Quite often salespeople feel price is the main factor in today’s business environment. However it has more to do with your technical expertise and what value your bring to the customer. Can the salespersons change their paradigm from price to cost of ownership?

Rajan Parulekar, rajan@paradigm-info.com

Who Says customer is the King?

It was a chilly December afternoon in Bangalore. We were at the Commercial Street in Bangalore. By around 2 pm when the shopping was over, we decided to have meals. On either sides of the road, there were MNC joints, one a McDonalds and the other KFC. To save the hassle of crossing the road, we got into KFC. The menu displayed on the wall was a series of combination of chicken pieces, French fries, Pepsi. Called as mini meals, value- add meals, combo meals with various  permutations & combinations, Pepsi was a common factor among all. It was quite dreadful to have Pepsi where the glass is topped with more than 50% ice on a chilly afternoon.

After considerable efforts, we were able to figure out a possibility of ordering a La-carte. Getting drinking water by default is out of question in an MNC joint. It affects the sale of Pepsi and Coke.  After finishing the meals, we requested for water. What was served after a long delay was the ice-cold version.  It was quite a struggle drinking such cold water on a chilly afternoon. We had to drink it sip-by-sip like  hot tea.

I go to a normal Darshini, Udipi restaurant. The waiter is not trained like the ones in the MNCs. Without being asked, he serves you drinking water and then you can order a dosa or an idly with coffee/tea. Why does training makes life difficult for customers?

Another example: I drove my car in a Shell petrol bunk. To avoid taken for a ride by the attendant, one  needs to be a Zen master and get into the present –moment awareness. The conversation goes as follows:

Attendant: Shall I fill  the tank with super petrol? (Remember, it is a closed question and it is easy to answer yes. The Super petrol is expensive by Rs 10 per litre vis-à-vis the normal petrol, the guy does not take the trouble to tell you this fact.)

I: ( with a calm disposition)  Please fill in the normal petrol.( You cannot afford to mumble NO as he can claim he heard it as Yes.)Attendant: Shall I top-up the tank?

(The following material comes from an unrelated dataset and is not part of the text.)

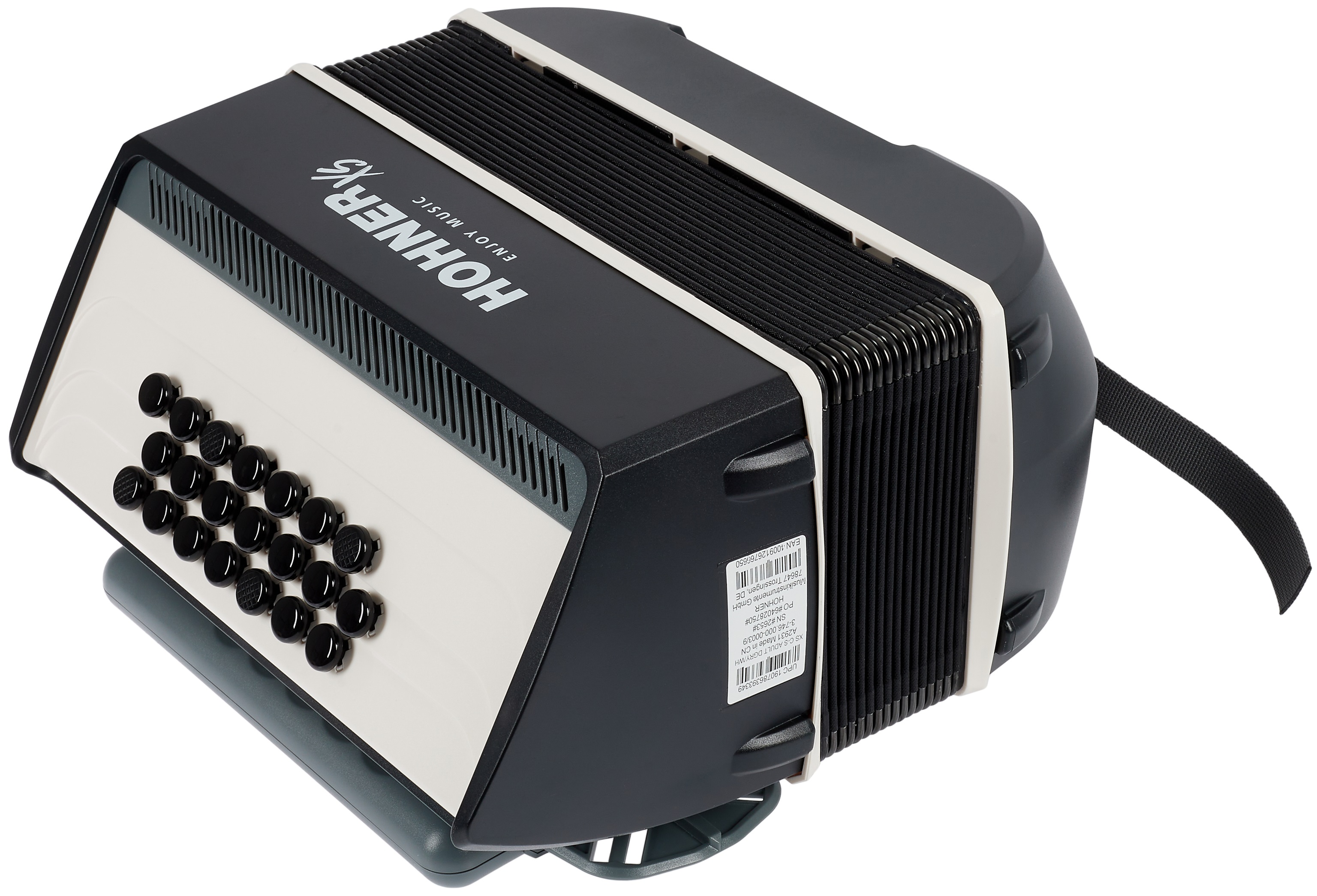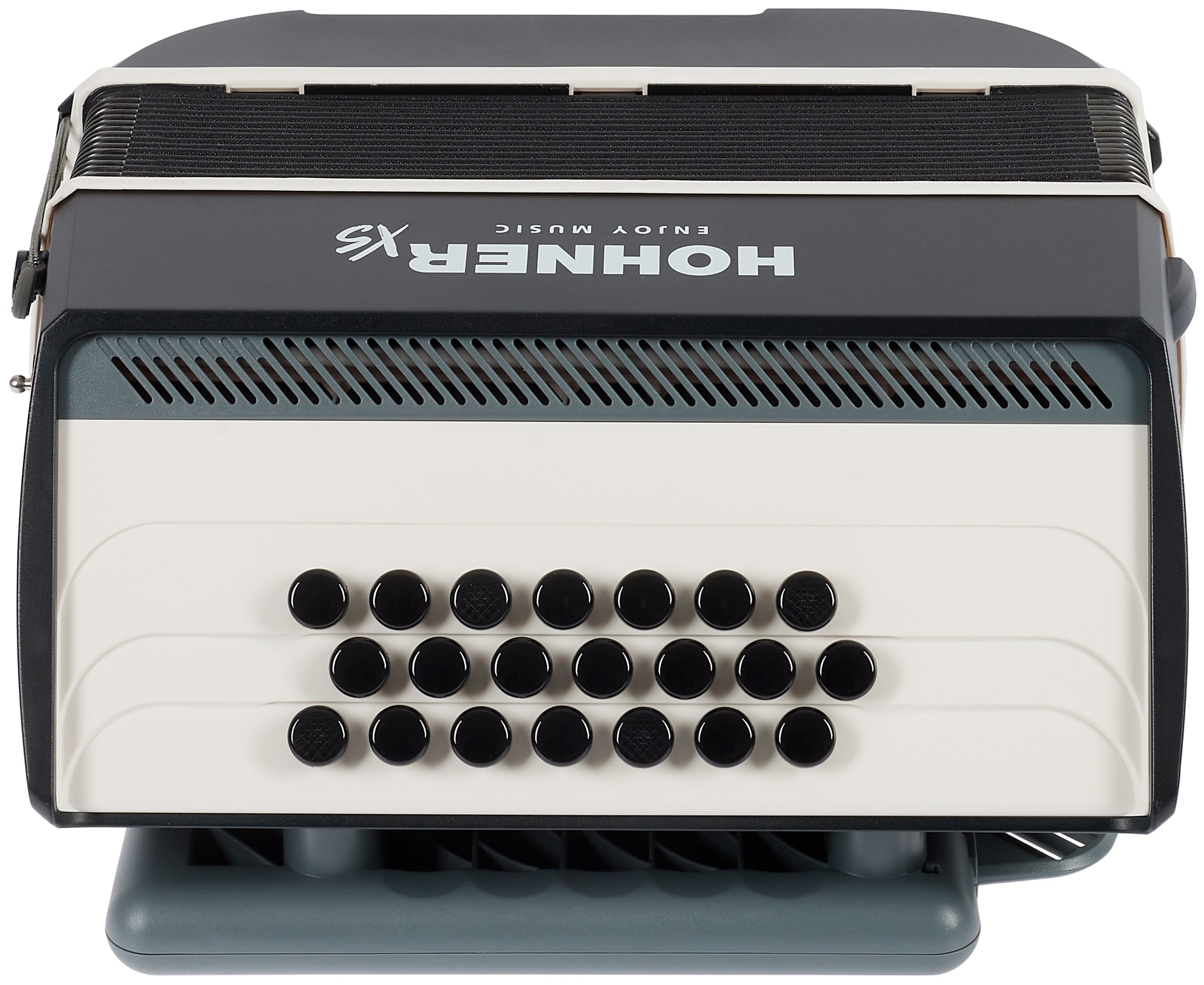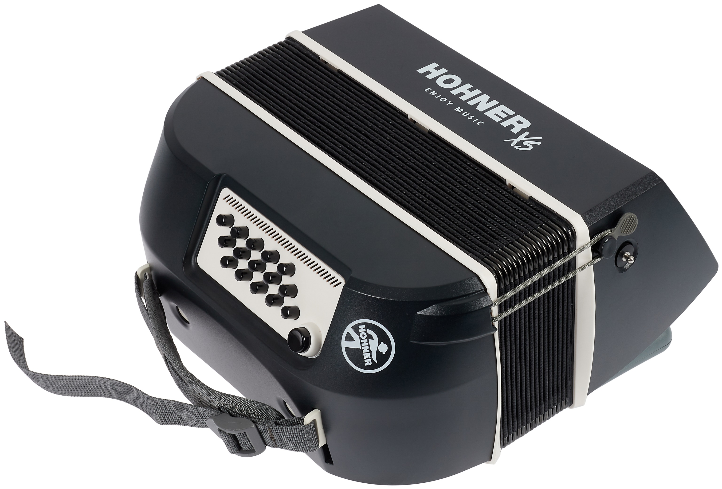 Diatonický akordeón Hohner XS Adult C-Stepped je kompaktný gombíkový akordeón so systémom klávesov C vhodný pre začínajúcich akordeonistov všetkých vekových kategórií. Vďaka kompaktnému tvaru, nízkej hmotnosti a praktickému systému uchytenia Click and Play poslúži aj skúseným akordeonistom ako cestovný nástroj. Nástroj má ergonomický dizajn pre maximálne pohodlie pri hraní, konštrukciu z odolného plastu, 21 klávesov, 15 basov a rozsah od h do g2. Akordeón sa dodáva v gig bagu. Špecifikácie: – Rozmery: 28,5

I: Please fill only for Rs. 1000.                                                                                                                                                             Having missed his target twice, he makes a last feeble attempt.

Attendant: Can I help you with routine checkup like Oil check and coolant check?

I: how much will you charge?

Attendant: No, its free.

I: wonderful, please go ahead.

Attendant: (He opens the bonnet, takes out the oil indicator slider) The oil level is low. Your engine will seize anytime and it will damage the engine if you do not fill oil now.

I: How much will it cost?                                                                                                                                                                Attendant: Rs. 785/-

I: thanks for your advice.                                                                                                                                                                             I drive out after paying for the petrol. Last three weeks my car is still working fine.                                                                         Executives from KFC or Shell go through rigorous training vis-à-vis their Indian counterparts in Kamat/Shanbhag hotels or Indian Oil/Hindustan Petroleum .

Who says the customer is king but a hapless victim ( if gullible enough) who can be conned at the drop of hat?